For each indicator, 3 standardized accuracy and quality classes are established for parts and workpieces of the same size, depending on their purpose and conditions of use:

- the first - meets the highest requirements for accuracy indicators;

- the second - the requirements that are realistically achievable in production conditions, subject to generally accepted measures to maintain cutting accuracy;

- the third - the minimum requirements for the limiting values of indicators.

When determining the quality of cutting, the width of the cut, the amount of burr (nodules on the lower edge of the metal), the lag of the cut line in thickness, and the radius of fusion of the upper edge are also important. Rounding of the edge angle due to flashing is allowed at a radius of 1 mm.

The method and modes of cutting parts must be assigned such that provide a minimum heat input into the cut part. In this regard, in all cases, where possible, plasma cutting should be used, which, at higher cutting speeds (by a factor of 2-5), has a heating energy input that is approximately 3 times less than oxygen cutting. Due to the high technical and economic characteristics, the plasma cutting process has become widespread in various industries. Ar, N2 and their mixtures, gases based on hydrogen (Ar + H2, etc.) or oxygen (compressed air, N2 + O2, etc.) are used as plasma-forming gases. The cutting process in plasma-forming mixtures containing hydrogen is carried out by melting the metal along the cut line and proceeds through the use of electrical energy supplied from the outside to the arc. The use of plasma-forming mixtures, which include oxygen, makes it possible to use both electrical and chemical energy when cutting. Cutting in this case is partly the process of melting and partly the process of burning out the metal from the cut cavity [2]. The cutting speed depends on the oxygen content in the nitrogen-oxygen mixture, reaching a maximum at 65...70% oxygen [3],

which is explained by the so-called nitroxide effect [4]. Its essence lies in the fact that nitric oxide NO is a more active oxidizing agent than pure oxygen. The maximum cutting speed in N2 + (65...70)% O2 mixture is 35...40% higher than in air plasma, however, the constraining factor in the use of such a mixture is the need for two gas sources, intensive nozzle wear and electrode consumption [3]. Therefore, when cutting steels, compressed air has received the greatest use as a plasma-forming medium, as the most common and cost-effective gas [5, 6].

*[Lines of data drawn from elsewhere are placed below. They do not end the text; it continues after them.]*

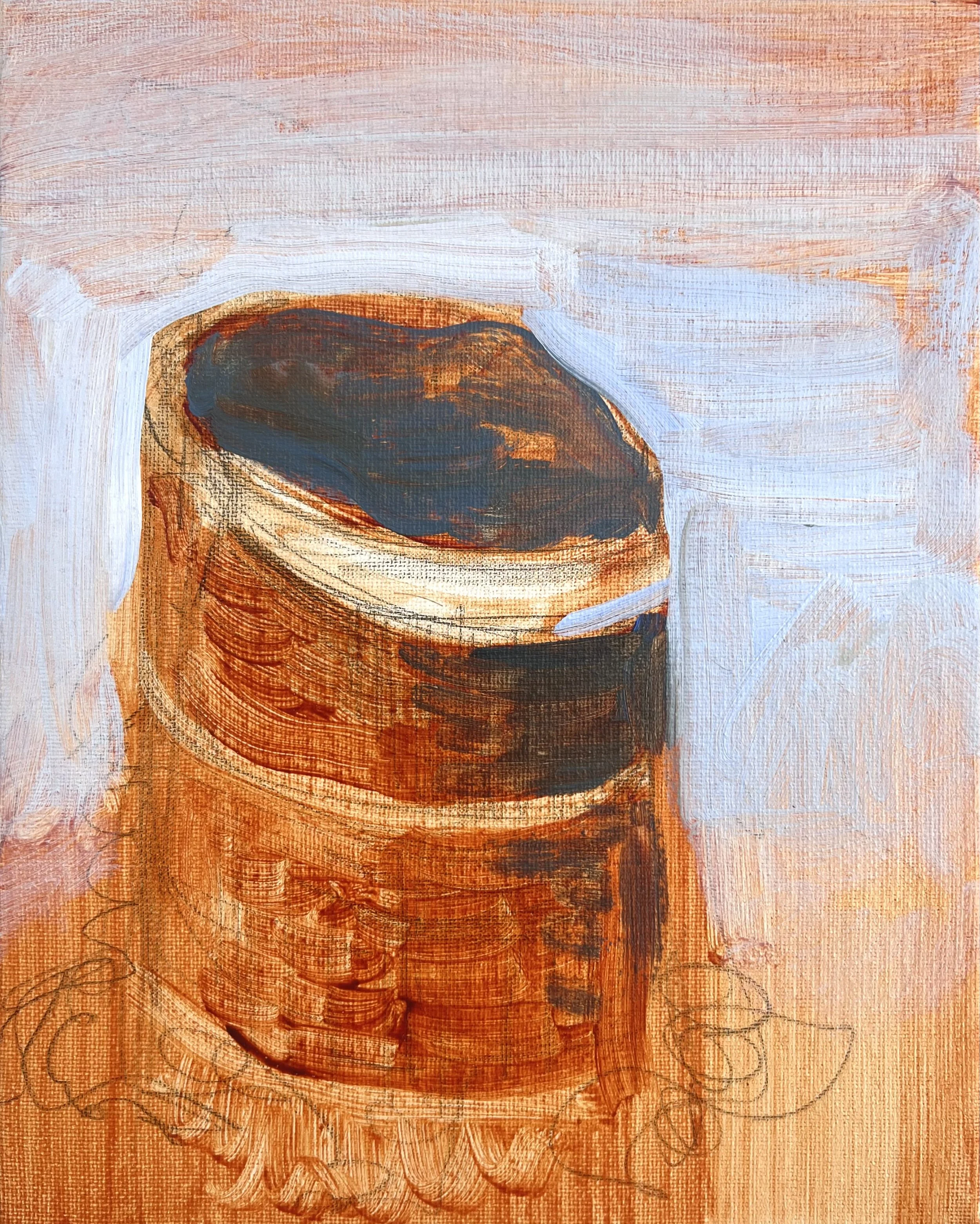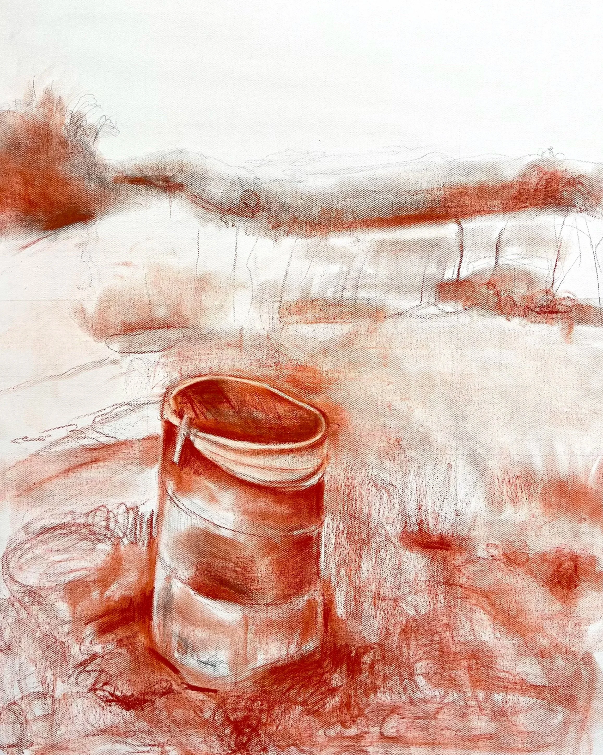 “Misty Trashcan”, Acrylic on Canvas, 8x10in, 2023.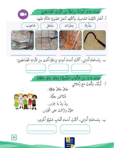 َنشاط ( :)٥أ�دوا ٌت ِزراع َّي ٌة ِم َن ال ُّترا ِث الْ ِف َل ْسطي ِن ّي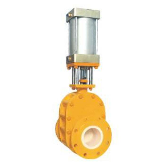 本閥適用于發電廠千灰系統、倉泵出料輸送,也可適用于礦山造紙、化工等個類有磨損的干粉塵、高硬度的顆粒例如(灰渣水)等介質,或有軟顆粒但又有腐蝕性的介質的管道上作啟閉之用。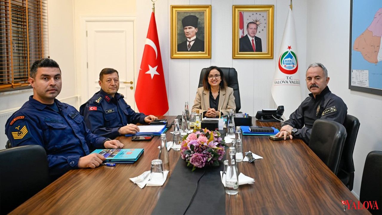 Toplantıda, ülke genelinde alınacak güvenlik, asayiş, trafik ve kamu düzenine yönelik tedbirler ele alındı. Vatandaşların yeni yılı huzur ve güven içerisinde karşılaması amacıyla kurumlar arası koordinasyonun önemi vurgulandı. Toplantıya Yalova’dan; İl Emniyet Müdürü Ümit Bitirik, İl Jandarma Komutanı Jandarma Kıdemli Albay Ercan Altın ve Sahil Güvenlik Komutanı Vekili Sahil Güvenlik Makine Astsubay Kıdemli Üçvş. Sezer Ulutaş da katılım sağladı. Vali Dr. Hülya Kaya, toplantı kapsamında Yalova’da uygulanacak yeni yıl tedbirleriyle ilgili değerlendirmelerde bulunarak, ilgili birimlerin koordinasyon içerisinde çalışmalarını sürdüreceğini ifade etti.

The cutting factors of the plasma arc are the active anode spot, which transfers up to 60...80% of heat to the metal, the arc column and torch, which transfer 20...40% of heat by radiation and convective transfer [4]. The behavior of the arc during plasma-arc cutting is considered in [7]. The intensity of heat transfer from various cutting factors determines the quality and width of the cut cavity melted along the height.

The non-uniformity of the cut width along the sheet thickness causes non-parallelism of the cut surfaces and their non-perpendicularity to the sheet surface [8]. The non-parallelism is determined by the diameter of the anode spot, the speed of its movement, the area and frequency of cut shunting and depends on the cutting speed, arc current and voltage, gas flow rate, diameter and length of the nozzle channel, its height above the metal surface, metal composition and the nature of the plasma-forming medium [4]. To eliminate the qualitative disadvantages of plasma-arc cutting, it is recommended to reduce the cut width to the maximum, using plasma torches with nozzles of the minimum diameter, and rigid stabilization of the cutting arc at the highest energy density [4]. It can be assumed that the addition of water to the plasma-forming air, contributing to arc compression, will also improve the quality of cutting.

The use of water in plasma cutting began in the sixties of the last century to solve the problem of dust, noise, light and gas absorption. The papers [9, 10] present the results of a study of plasma cutting with an additional water curtain around the plasma torch, with the sample touching the water surface or with a gap between them of 15 mm and with the sample immersed in water. At the same time, it is noted that the minimum values of cut non-perpendicularity were reached when cutting on the water surface, and cutting with the sheet immersed in water gave a greater roughness.

In [11], plasma cutting of sheet metal on the water surface was studied and it was recommended that metal thicknesses up to 12 mm be cut using oxygen, and when welding thicknesses of 4-6 mm, preliminary welding in CO2 is required to prevent the formation of pores.

In Europe, plasma cutting under water is widely used [12, 13]. For example, in the German shipbuilding industry, plasma cutting under a water layer is most widely used, providing a fourfold increase in cutting speed compared to oxy-fuel cutting, improved cutting quality, minimal slag, slight deformation, less noise and dust [12]. A similar technology is used at the «Damen Shipyards "Okean"» shipyard. Nitrogen is used as the plasma gas.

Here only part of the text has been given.